The abortion ad campaign will focus on confusing the public and causing fear with misinformation. So, let’s make clear what is true in advance:

  1. Induced abortion to save a woman’s life is legal in every state. Abortion advocates use the word “health,” which means … anything, including social and financial. 
  2. Colorado public funding (Medicaid) does pay for abortion when pregnancy results from rape or incest, and to save the mother’s life. 
  3. Health care for miscarriages (the baby died of natural causes) and ectopic pregnancy (the baby implanted outside the uterus, a life-threatening condition) is legal in every state. This is not abortion care, and does not require legal abortion. Refusing to offer women care for these conditions constitutes malpractice, and is not the result of abortion restriction.
  4. Refusal to offer delivery to women with a life-threatening pregnancy complication, such as infection with previable rupture of the membranes, constitutes malpractice. It is not the result of abortion restriction. No state requires a woman to be at death’s door to receive life-saving health care.
  5. The abortion industry promotes misinformation that late abortions (after viability) are primarily done to save a woman’s life, or life-limiting fetal diagnosis. However, data reveals that women choose late abortion for the same reasons as earlier: primarily social and financial. Dr. Warren Hern, a third trimester abortionist in Boulder, reported that 70% of abortions he performs are on healthy moms and healthy babies, including some for sex selection. Colorado reported 468 late abortions last year — 1 of every 33 abortions.  
  6. Life-threatening complications after fetal viability are most expediently and safely managed with delivery in a hospital labor and delivery, where continuous intensive monitoring and emergency intervention are immediately available. This does not require the intentional death of the viable baby. Late abortion involves intermittent care, typically over three or more days, without availability of immediate emergency interventions.    

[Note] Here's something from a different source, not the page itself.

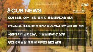 오늘의 헤드라인입니다.오는 11월 말까지, 우리 대학에서 재학생들의 폭력예방교육을 실시합니다.오늘 오후 2시부터, 광주시의회에서 광주학생운동 유네스코 세계기록유산 등재 방안 모색 회의가 진행됩니다.국립아시아문화전당에서 정서회복 프로그램인 '마음힐링교육'을 운영합니다.무안국제공항의 폐쇄로 호남권 항공 접근성이 장기간 단절돼 지역경제가 위축되고 지역민의 불편이 계속되고 있습니다. 자세한 소식, 잠시 후에 전해드립니다. 제작 : 김가희기술 : 김태희아나운서 : 강승현

In the U.S., 86% to 93% of obstetrician-gynecologists do not perform abortion.  Abortion has never been necessary to provide exemplary health care. We have always known how to manage life-threatening pregnancy complications without directly taking the life of the baby.  

Amendment 79 would protect abortion, and those who profit from it, not women. It is time Colorado took its place as a leader for excellent health care for women and preborn babies.

Our radically extreme abortion laws place women’s lives and health in grave danger, and harm us all. Pregnant women and their babies deserve excellent and equitable health care, and support during difficult situations, not abortion as the state-sanctioned only option.

Dr. Catherine J. Wheeler lives in Teller County and is an obstetrician gynecologist.


The Colorado Sun is a nonpartisan news organization, and the opinions of columnists and editorial writers do not reflect the opinions of the newsroom. Read our ethics policy for more on The Sun’s opinion policy. Learn how to submit a column. Reach the opinion editor at opinion@coloradosun.com.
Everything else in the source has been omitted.